Transfusion syphilis testing can be safely discontinued

Public health

By Michael Woodhead

18 Jan 2019

The risk of transfusion-transmitted syphilis in Australia is miniscule and there is a strong case for discontinuing universal blood donor screening for the disease, a new analysis concludes.

The current practice of donor serological testing for syphilis – which costs $4.4 million a year – could be replaced by targeted testing of male donors under 50 years of age while ensuring an acceptably low risk of transfusion-transmitted syphilis, a study by researchers from the University of Western Australia and the Australian Red Cross Blood Service has found.

Using data from syphilis screening results for blood donations made between 2009 and 2015, they calculate that the risk of transfusion-transmitted syphilis is one in 50 million transfusions with current practices, 1 in 4 million for targeted testing of first time donors and 1 in 2.8 million for no testing.

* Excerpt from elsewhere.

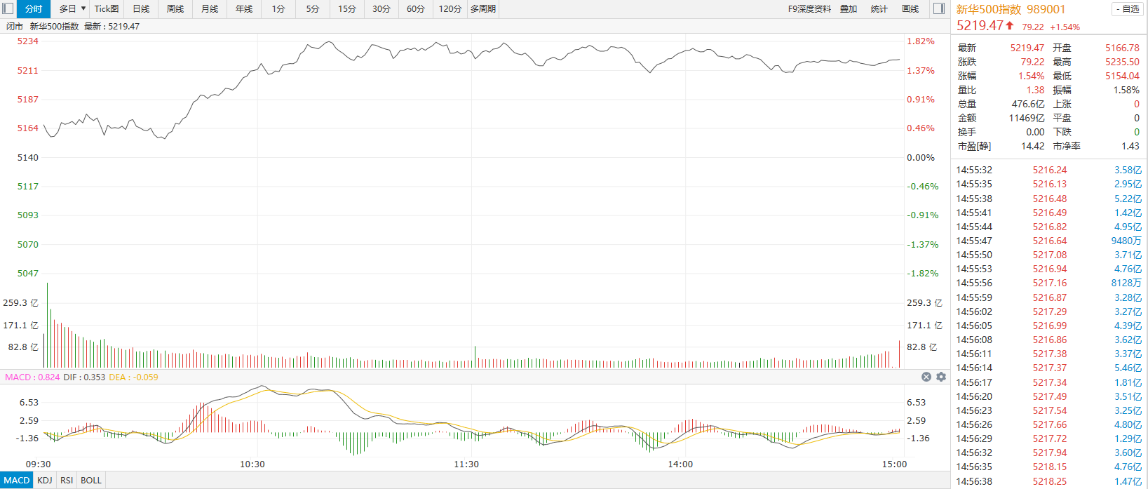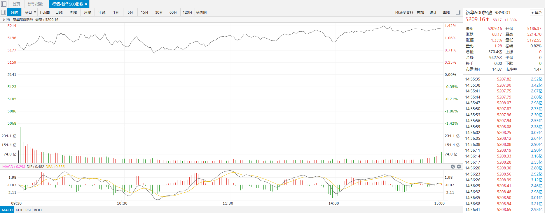 转自:新华财经 新华财经北京10月27日电(罗浩)新华500指数(989001)10月27日收盘上涨68.17点,涨幅1.33%,报5209.16点。 成分股方面,兆易创新、生益科技、厦门钨业、环旭电子收于约10%涨停,振华科技、闻泰科技(维权)、工业富联、高德红外、大华股份、东山精密等多 股涨逾7%;徐工机械、ST华通(维权)、新城控股、晶盛机电、东鹏饮料等跌幅靠前。 新华500指数由国家金融信息平台•新华财经发布,新华指数(北京)有限公司运营维护,指数度量A股主要大中市值股票价格水平。关于新华500指数的详 细信息,请参见新华财经客户端。 编辑:王媛媛 MACD金叉信号形成,这些股涨势不错! 走势上看,新华500指数(989001)27日早间显著高开,指数早盘期间在相对高位窄幅整理,午后波动上扬,收盘时显著上涨。 指数盘中最高触及5214.70点,最低触及5172.55点,成分股全天总成交额报9427亿元,总成交额较上一交易日显著放量。 ...

The researchers note that donor syphilis testing was introduced in the 1940s when the disease was common and before the use of antibiotics became widespread.

Since then the risk of syphilis transmission has been minimised by several factors including

  • Low syphilis incidence in the community.
  • Deferral practices for high risk donors.
  • Blood storage at low temperatures that inactivate spirochaetes.
  • Widespread antibiotic use in hospitals that inadvertently protects transfusion recipients.

The researchers note that serology testing of donors costs several million dollars a year and has drawbacks including false positives in autoimmune disease and viral infection.

In economic terms, current practices for syphilis screening have a cost of $539 million per disability‐adjusted life year (DALY) averted, whereas the accepted threshold for blood safety is $1 million/quality‐adjusted life year (QALY).

They therefore conclude that targeted screening of high risk donors, (males under the age of 50), would be an acceptable alternative, costing around $1.4 million a year, with a minimal increase in risk of transfusion-transmitted syphilis.

However, while there is a “compelling argument” to alter Australia’s blood donor syphilis testing strategy on cost effectiveness grounds, this has to be weighed against concerns about recent rises in syphilis rates in Indigenous communities and in gay men, they add.

“Recent changes in the epidemiology of syphilis in Australia and potential changes in the deferral periods for donors with higher risk sexual behaviours have resulted in key stakeholders concluding that it is not appropriate to consider reducing donor syphilis testing at this point in time,” they write in Vox Sanguinis.

“The Blood Service will continue to monitor changes in syphilis disease epidemiology and will revisit this decision once the impact of potential changes in donor deferrals are known and epidemiology changes are clearer, based on the strong argument presented in this study.”